В сердце леса | страница 3
В декабре 1957 года двое друзей — Джон Мур и Стенли Дживз — пригласили меня участвовать в путешествии по северной границе амазонских джунглей. И вот во время оксфордско-кембриджской экспедиции по Южной Америке они предложили мне отделиться на месяц от основной группы и отправиться вместе с ними к загадочной горе Рорайма. Этот массив в лесах Амазонии впервые описал исследователь Роберт Шомбург. Он назвал его громадным ящиком — плато окружено пологими холмами. Впоследствии Карл Эппен и Беррингтон Браун описали скалы этого массива: высотой в 2000 футов и такие гладкие, что казалось, будто какой-то великан обтесал их ножом. Таким образом, Рорайма, едва ее открыли, стала известна своей уединенностью и таинственностью: гигантская естественная крепость, окруженная труднопроходимыми джунглями и защищенная самыми высокими в мире стенами.
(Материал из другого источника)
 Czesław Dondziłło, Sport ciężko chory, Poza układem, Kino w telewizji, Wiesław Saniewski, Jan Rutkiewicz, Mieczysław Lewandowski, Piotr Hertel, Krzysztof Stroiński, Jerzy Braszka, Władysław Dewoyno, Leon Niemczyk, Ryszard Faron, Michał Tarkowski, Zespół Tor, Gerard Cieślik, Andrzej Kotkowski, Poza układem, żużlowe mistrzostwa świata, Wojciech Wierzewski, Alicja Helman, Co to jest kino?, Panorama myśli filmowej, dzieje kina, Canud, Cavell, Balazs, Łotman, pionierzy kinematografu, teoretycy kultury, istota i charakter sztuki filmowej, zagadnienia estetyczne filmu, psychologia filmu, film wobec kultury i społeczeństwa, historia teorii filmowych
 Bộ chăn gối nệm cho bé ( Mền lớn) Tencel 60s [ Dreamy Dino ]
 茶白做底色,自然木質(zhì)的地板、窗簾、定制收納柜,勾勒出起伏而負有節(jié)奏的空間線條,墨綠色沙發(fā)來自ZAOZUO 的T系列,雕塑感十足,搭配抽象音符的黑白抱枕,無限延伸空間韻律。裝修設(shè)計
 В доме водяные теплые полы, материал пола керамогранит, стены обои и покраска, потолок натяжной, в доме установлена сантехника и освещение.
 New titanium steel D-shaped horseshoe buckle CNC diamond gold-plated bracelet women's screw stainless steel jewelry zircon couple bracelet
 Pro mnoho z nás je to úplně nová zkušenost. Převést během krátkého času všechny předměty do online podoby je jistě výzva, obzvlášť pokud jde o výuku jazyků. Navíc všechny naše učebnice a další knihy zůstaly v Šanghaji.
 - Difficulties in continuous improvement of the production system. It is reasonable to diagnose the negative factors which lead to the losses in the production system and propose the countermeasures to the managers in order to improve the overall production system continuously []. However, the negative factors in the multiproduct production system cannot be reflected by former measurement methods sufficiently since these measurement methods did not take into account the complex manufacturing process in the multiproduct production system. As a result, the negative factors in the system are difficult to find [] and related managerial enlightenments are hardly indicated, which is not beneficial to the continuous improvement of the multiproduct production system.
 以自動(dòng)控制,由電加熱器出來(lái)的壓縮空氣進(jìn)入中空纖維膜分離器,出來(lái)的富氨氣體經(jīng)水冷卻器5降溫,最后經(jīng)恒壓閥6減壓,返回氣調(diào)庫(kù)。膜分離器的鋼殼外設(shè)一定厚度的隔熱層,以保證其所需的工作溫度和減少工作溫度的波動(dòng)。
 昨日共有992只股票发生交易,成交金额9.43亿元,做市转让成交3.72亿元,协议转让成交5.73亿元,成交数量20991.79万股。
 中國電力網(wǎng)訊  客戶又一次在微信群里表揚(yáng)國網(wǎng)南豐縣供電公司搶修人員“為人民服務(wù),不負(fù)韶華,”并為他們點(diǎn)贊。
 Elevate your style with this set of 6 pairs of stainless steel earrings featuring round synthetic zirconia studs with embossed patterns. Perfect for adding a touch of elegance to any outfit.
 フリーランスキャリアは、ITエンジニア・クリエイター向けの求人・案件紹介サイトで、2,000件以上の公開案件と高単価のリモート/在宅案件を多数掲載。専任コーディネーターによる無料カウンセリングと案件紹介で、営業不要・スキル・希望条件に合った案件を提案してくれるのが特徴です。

Во времена Эппена и Шомбурга — середина XIX века, — когда каждый год обогащал географию новыми открытиями, это неожиданно обнаруженное плато, с доисторических времен отрезанное от мира, поразило воображение исследователей. Зоологов, развивавших эволюционную теорию Дарвина, интересовало, не скрываются ли в районе Рораймы промежуточные виды животных или остановившиеся в своем развитии доисторические животные. Другие говорили об алмазах и исчезнувших городах, и, наконец, сэр Артур Конан-Дойль подытожил все эти домыслы в своем романе «Затерянный мир». У него профессор Челленджер обнаружил на Рорайме птеродактилей, динозавров и человекообразную обезьяну — всех сразу. Но самым поразительным в книге было описание самой горы, изображенной как последний естественный тайник, который природа окружила батареей всех своих оборонительных средств. Со страниц книги на читателя веет таинственностью и мощью. Само существование горы кажется зловещим.
Все мы, участники предстоящего путешествия, читали книгу Конан-Дойля, и каждый представлял себе Рорайму по-своему. «Не поверю, — говорил Джон, — чтобы гора могла быть такой всемогущей и зловещей. Горы состоят из камня, а камень не наделен страстями». Стенли же, участник восхождений на Альпы и Гималаи, мистически заявлял: «Горы еще своенравнее, чем люди. Взбираешься на них, а сам слышишь, как они разговаривают с твоими ботинками».
Вряд ли это было достойной целью нашего путешествия, но оно должно было разрешить наш спор.
Мы отправились в путь из лавки, стоявшей на границе и принадлежавшей симпатичному китайцу со звучным именем Нго-фук. Грузовик довез нас до городка скотопромышленников Боа-Виста. До алмазных россыпей Суапи нас доставил самолет, а затем мы добрались на волах до индейской хижины, откуда открывался вид на Рорайму. Нас отделяла от нее долина шириной в 60 миль. Подозрительно цивилизованные индейцы упорно торговались с нами два дня подряд, доказывая, что к моменту нашего приезда неизвестно по каким причинам вдруг возросла плата носильщикам и что сухое молоко входит в их обычный рацион. Наконец о цене столковались. И тут мы узнали, что племя принадлежит к некоей странной секте христиан, называемых ангеликанцами. Несколькими годами раньше один негритянский священник из северного района джунглей проехал по этим местам, и поскольку он обратил в свою веру этих индейцев, жителей саванн, по субботам они не работали. Так как ни мы, ни они не следили за календарем, спорить можно было до бесконечности. Бутыль маниокового «пива» переходила из рук в руки, и переговоры затянулись до глубокой ночи.